VIVAS: There’s no specific reason, except for wanting to be
realistic. Statistics say that 95 percent of these kinds of attacks in Spain
are perpetrated by people from Eastern Europe. By saying that, I do not want to
make any kind of judgment about Eastern Europeans. I don’t want to say they are
worse or better than others in any sort of way. If I put a bald person there as
an attacker, I would not be saying that bald people are attackers. I do not
want to say that Albanians are bad, that Albanians are criminals, not at all.
What I wanted to do was create a real character. I wanted to have a guy with a
first name, a last name, a specific origin. The reason I gave the character a
nationality was that I wanted to flesh him out. I wanted for it to be real.
Nowadays, when you see films like this and there’s an
attacker, they’re usually made out to be crazy somehow or that they have some
kind of an issue. I just wanted to detach myself from this kind of stereotype.
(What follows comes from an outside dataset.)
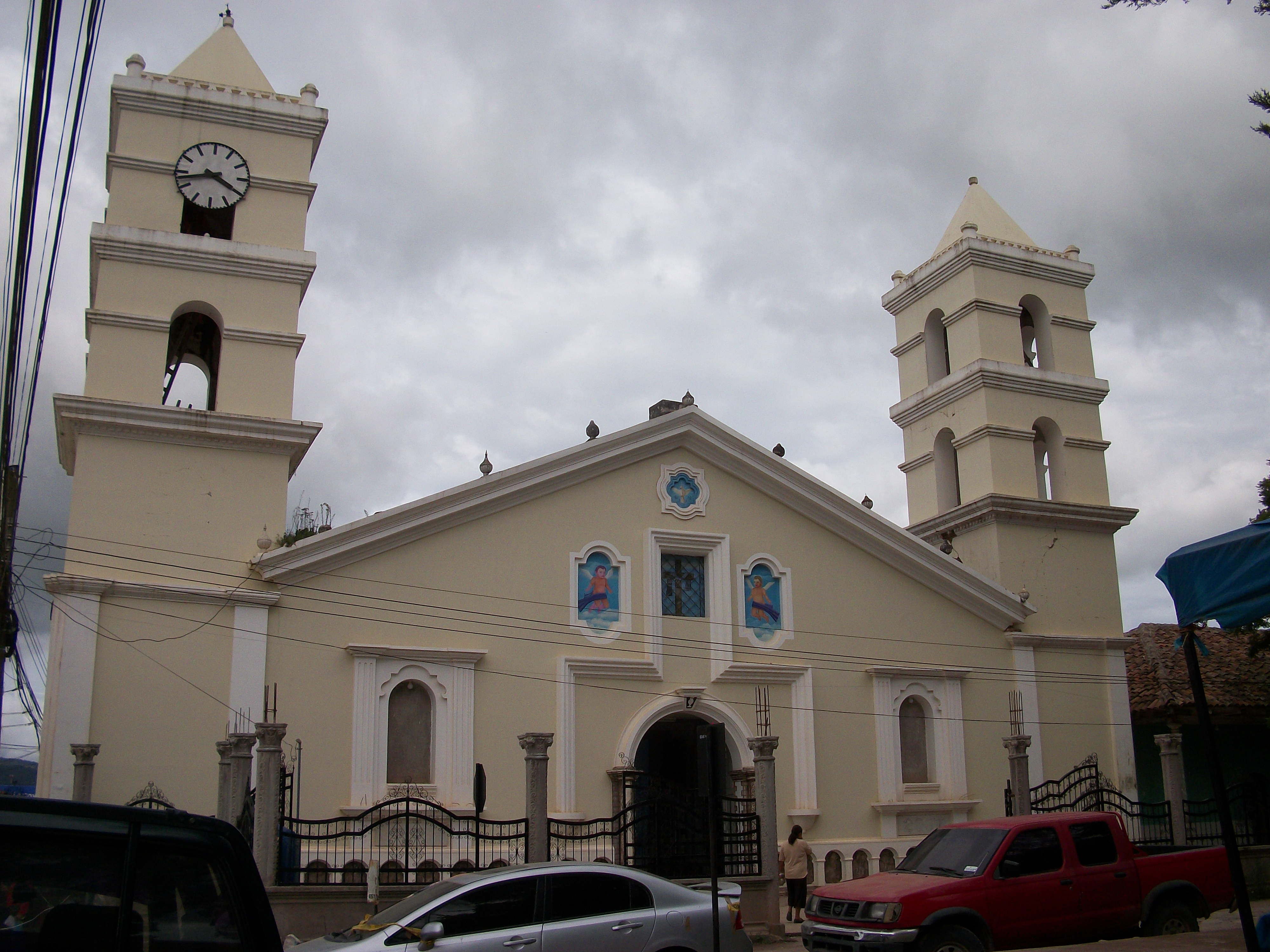 The main Catholic Church in the Central Park of La Esperanza, Honduras

The actor himself is Albanian, and he told me that he was really happy that for
the first time he could play an Albanian character who’s a real human being and
who is credible. So what I wanted to do was work with him on character
development. I wanted for him to think of this guy and how he got there and
where he was from. I think we live in a time where political correctness is all
over the place, so a lot of people walk on eggshells with that.
FANG: I didn’t necessarily think it was a personal attack on
VIVAS: I did get that comment a lot, though—a lot of
criticism in Spain.
FANG: Was that the only criticism in Spain? Were audiences
as shocked as many are here?
VIVAS: It was actually very well-received otherwise. It came
out at the Sitges festival, and people loved it. We showed it at another event
and had the same great reaction. When it came out in cinemas, it was met by a
lot of positive response both in terms of critics and audiences. The audience
really liked this movie; they would walk out saying they really felt a shocking
fear, and they thought the feelings were actually deep and strong. When I go
see a drama, I want to cry, and when I go see a comedy, I want to laugh; when I
go see a thriller, well, I want to be scared. A lot of people told me they were
very, very scared.
FANG: Do you have your next project lined up?
VIVAS: I’m on the second draft of WELCOME TO HARMONY, which
will be in English. The theme is very apocalyptic. It’s set in a
postapocalyptic world where only two people have survived. They’re the last
human beings and they can’t stand each other.